» The task: The full listing, word for word and free of images, is the expected result.

» Information provided:
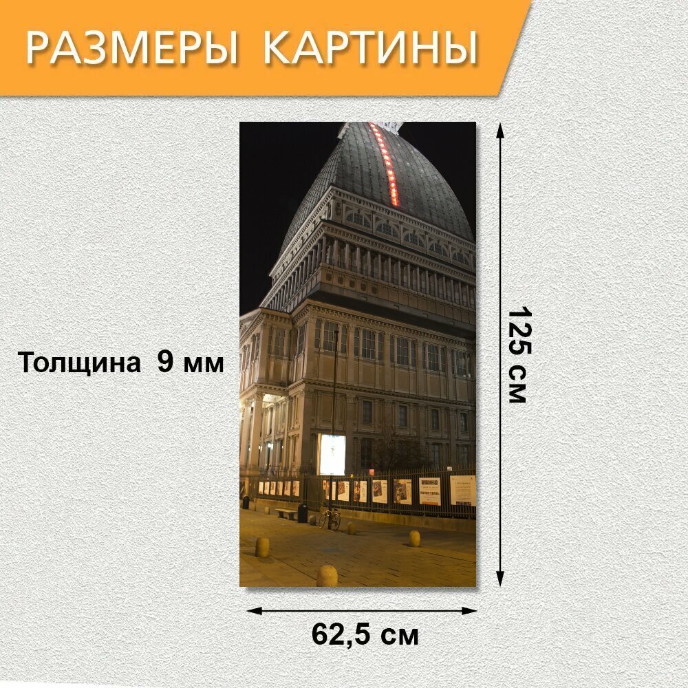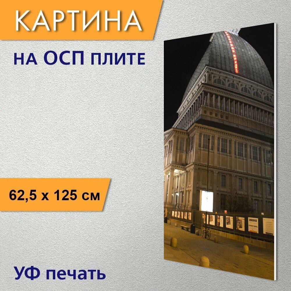 Вертикальная картина на ОСП "Моле антонеллиана, турин, ориентир" 62x125 см. для интерьериа информация:
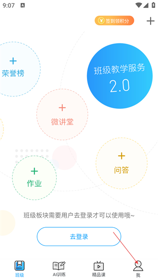 1、在APP“班级”页面,点击底部导航栏的【我】,进入个人中心;若未登录,先点击【去登录】完成账号登录。
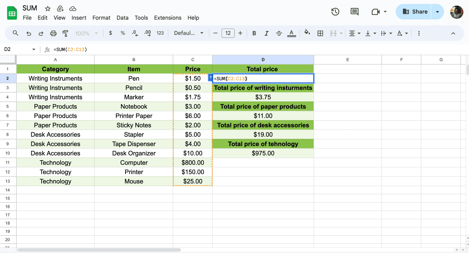 Showing formulas in your cells instead of the computed results can help with troubleshooting and auditing your work. To display formulas, press `Ctrl + “ (grave accent) or go to View and select Show > Formulas This makes it easier to review and edit the formulas in your spreadsheet.

» Result:
 Вертикальная картина на ОСП "Моле антонеллиана, турин, ориентир" 62x125 см. для интерьериа информация:
 1、在APP“班级”页面,点击底部导航栏的【我】,进入个人中心;若未登录,先点击【去登录】完成账号登录。
 Showing formulas in your cells instead of the computed results can help with troubleshooting and auditing your work. To display formulas, press `Ctrl + “ (grave accent) or go to View and select Show > Formulas This makes it easier to review and edit the formulas in your spreadsheet.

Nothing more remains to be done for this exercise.